Given a string, find the length of the longest substring without repeating characters.

Example 1:

Input: "abcabcbb"
Output: 3 
Explanation: The answer is "abc", with the length of 3. 

Example 2:

Input: "bbbbb"
Output: 1
Explanation: The answer is "b", with the length of 1.

Example 3:

Input: "pwwkew"
Output: 3
Explanation: The answer is "wke", with the length of 3. 
             Note that the answer must be a substring, "pwke" is a subsequence and not a substring.
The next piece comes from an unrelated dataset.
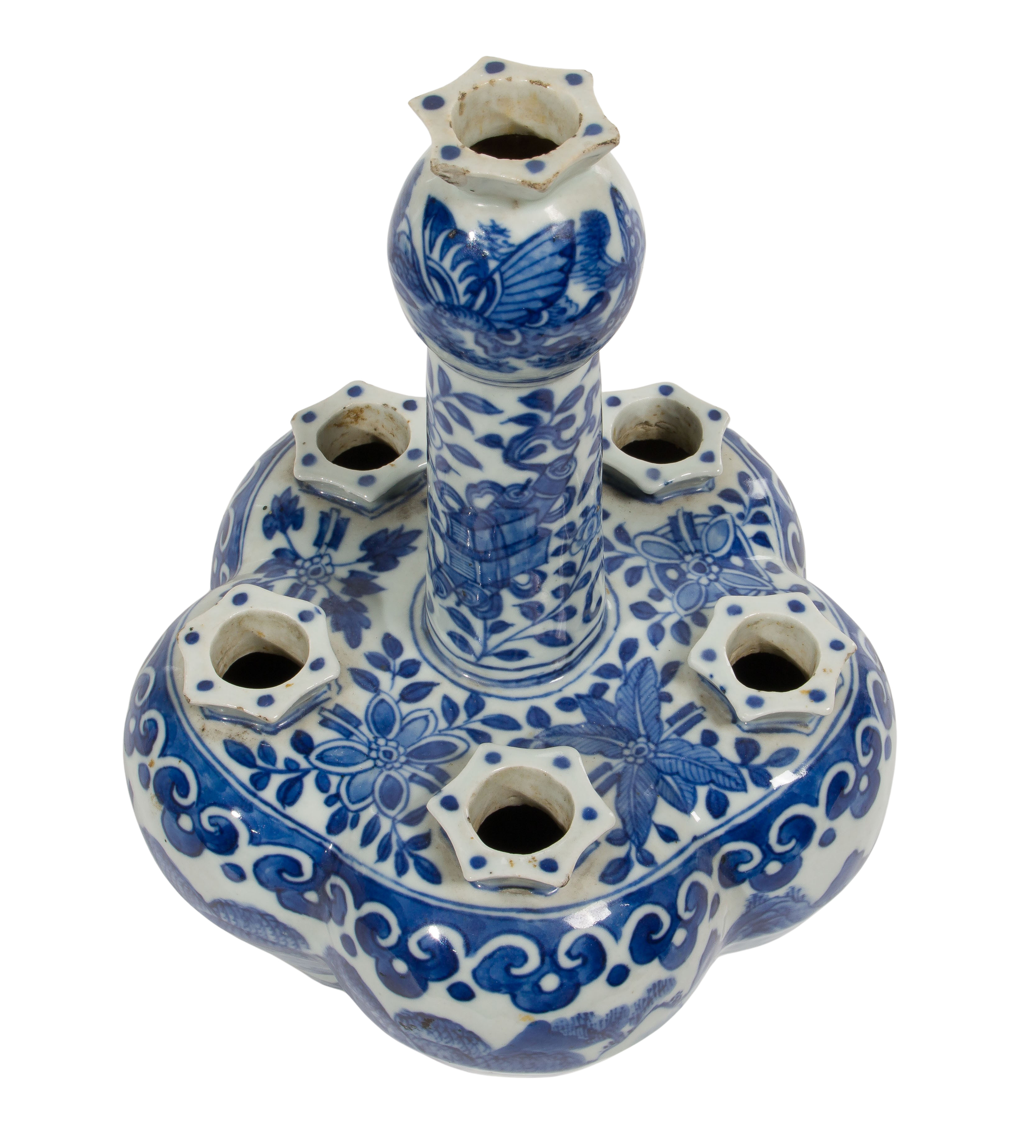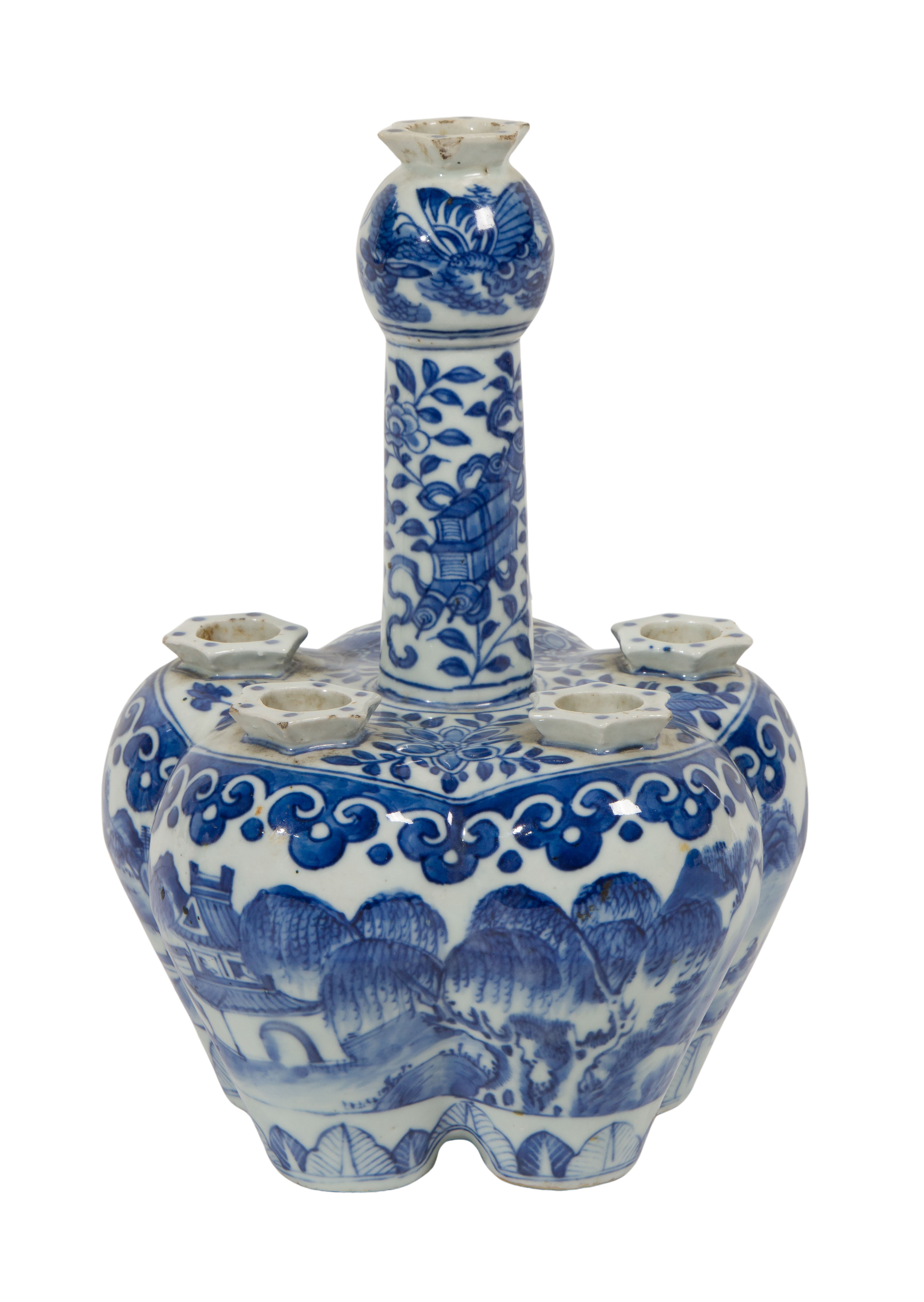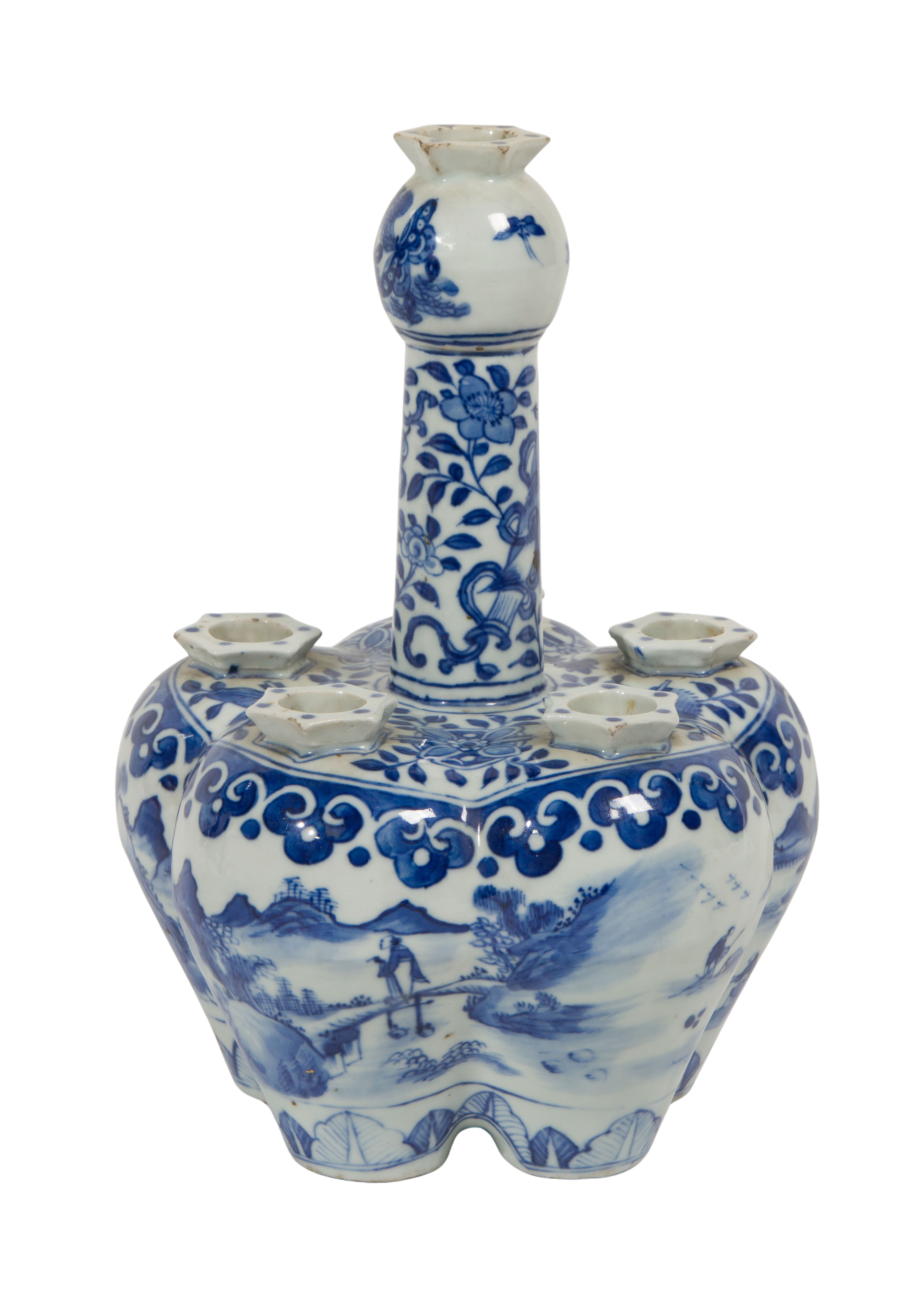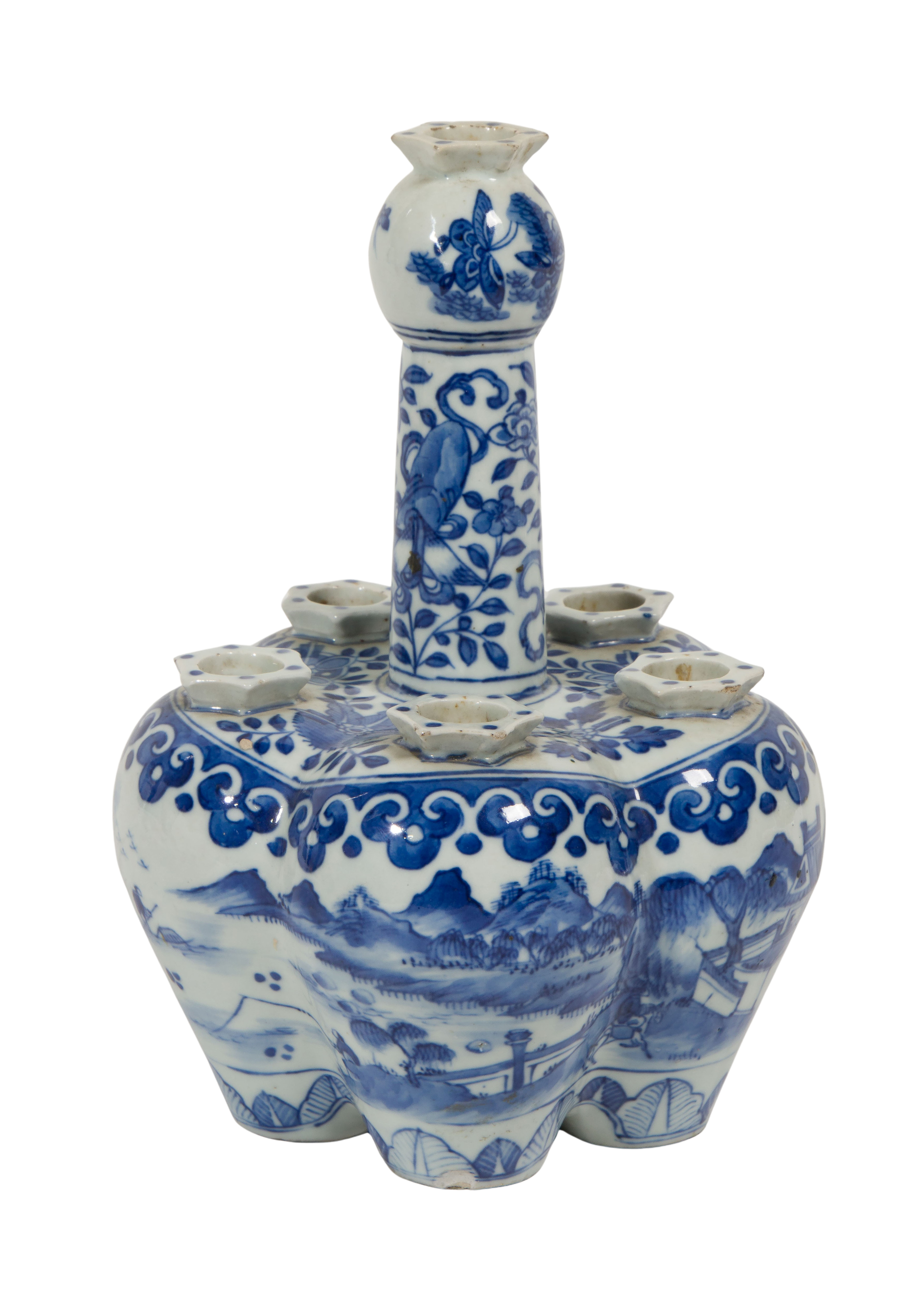 Having a long neck and five bulb holders, floral and landscape motif throughout

The problem could be solved using two pointer mixed kadane's algorithms to manipulate subarray

class Solution:
    def lengthOfLongestSubstring(self, s: str) -> int:
        logging.debug(f"{list(enumerate(s))}")
        slo = fas = 0  #slow as the fisrt character in a subarray which not duplicate, fast as the fast.
                                  #relation: length = fas - slo
        current = set()
        glo = loc = 0
        while fas < len(s):
            logging.debug(f"pre_current: {current}, slow: {slo}, fast: {fas}")
            if s[fas] not in current: 
                current.add(s[fas]
                loc = fas - slo
                glo = max(glo, loc)
                 fas +=1
            else:
                current.remove(s[slo])
                slo += 1
            logging.debug(f"post_current: {current}, slow: {slo}, fast: {fas} \n")
        return glo

TestCase

    def test_g(self):
        s = "abccefg"
        answer = 4
        check = self.solution.lengthOfLongestSubstring(s)
        self.assertEqual(answer, check)

The solution is very clear to move slow and fast alternatively

$ python 3.LongestSubstring.py MyCase.test_g
DEBUG [(0, 'a'), (1, 'b'), (2, 'c'), (3, 'c'), (4, 'e'), (5, 'f'), (6, 'g')]
DEBUG pre_current: set(), slow: 0, fast: 0
DEBUG post_current: {'a'}, slow: 0, fast: 1 

DEBUG pre_current: {'a'}, slow: 0, fast: 1
DEBUG post_current: {'b', 'a'}, slow: 0, fast: 2 

DEBUG pre_current: {'b', 'a'}, slow: 0, fast: 2
DEBUG post_current: {'b', 'c', 'a'}, slow: 0, fast: 3 

DEBUG pre_current: {'b', 'c', 'a'}, slow: 0, fast: 3
DEBUG post_current: {'b', 'c'}, slow: 1, fast: 3 

DEBUG pre_current: {'b', 'c'}, slow: 1, fast: 3
DEBUG post_current: {'c'}, slow: 2, fast: 3 

DEBUG pre_current: {'c'}, slow: 2, fast: 3
DEBUG post_current: set(), slow: 3, fast: 3 

DEBUG pre_current: set(), slow: 3, fast: 3
DEBUG post_current: {'c'}, slow: 3, fast: 4 

DEBUG pre_current: {'c'}, slow: 3, fast: 4
DEBUG post_current: {'c', 'e'}, slow: 3, fast: 5 

DEBUG pre_current: {'c', 'e'}, slow: 3, fast: 5
DEBUG post_current: {'e', 'f', 'c'}, slow: 3, fast: 6 

DEBUG pre_current: {'e', 'f', 'c'}, slow: 3, fast: 6
DEBUG post_current: {'g', 'e', 'f', 'c'}, slow: 3, fast: 7 

.
----------------------------------------------------------------------
Ran 1 test in 0.001s

As a conclusion, the solution employed two pointer technique and the idea of the Kadane algorithms. I assumed that it is possible to finally work it out after spending hours on debugging as a beginner.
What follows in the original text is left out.